Dataset section START

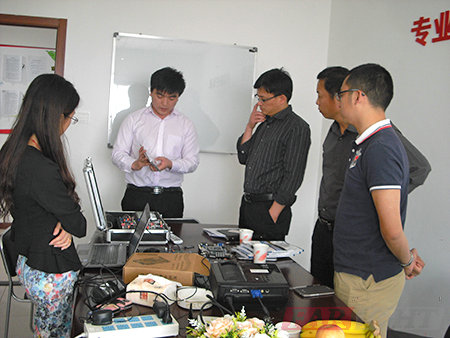 隨后王老師在會議室給學院做了一場匯報,匯報包含華清遠見集團的介紹及獲得的榮譽,嵌入式技術的教學體系,學員在華清遠見的學習生活情況。負責就業的付老師介紹了華清遠見在嵌入式技術領域的合作企業,畢業學員的就業情況,還和顏老師一同討論了針對90后的學生特點,采取哪些方法能夠更好提高畢業生的就業率與就業質量。匯報之后,梁書記、潘院長、顏老師一行人還欣賞了華清遠見出版的嵌入式專業書籍,體驗了華清遠見自主研發的實驗平臺及項目演示。通過實地參觀、考察、調研,梁書記、潘院長、顏老師對上海中心實訓基地和嵌入式人才培養的理念給予了充分的肯定;同時,對上海中心嵌入式教學自主研發的嵌入式實訓平臺、公開出版的多套嵌入式專業書籍、和在業界積累有非常豐富的嵌入式就業合作企業資源給予了高度的評價。后雙方在校企合作方面作了深入的交流和溝通。
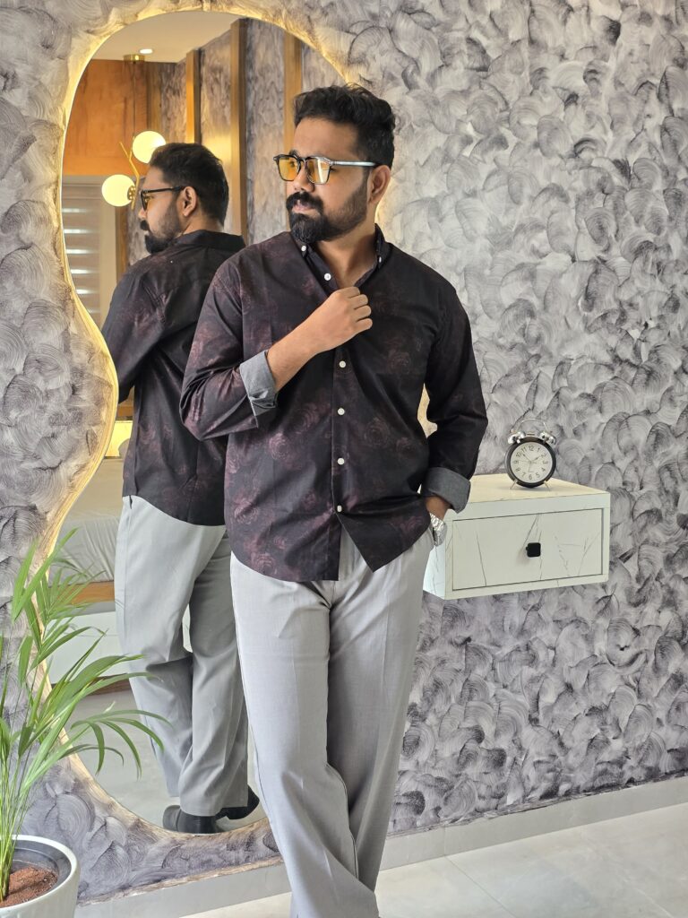 Black & Brown Satin digital printed shirt
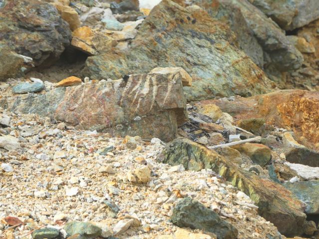 Here’s another, in a dry wash. Note that the annual spring flood has deposited random stones on top of this striated rock. The divided energies of the rock, held within its unified form, hold a pattern of their same substance that is laid down in the way of writing or any other mark making, and read like it, but to no cognitive end.

Dataset section END

Directions for this task: Only the lines from the one containing "Black & Brown Satin digital printed shirt" through the end of the data above are to be output, exactly and without pictures.

Task answer:
 Black & Brown Satin digital printed shirt
 Here’s another, in a dry wash. Note that the annual spring flood has deposited random stones on top of this striated rock. The divided energies of the rock, held within its unified form, hold a pattern of their same substance that is laid down in the way of writing or any other mark making, and read like it, but to no cognitive end.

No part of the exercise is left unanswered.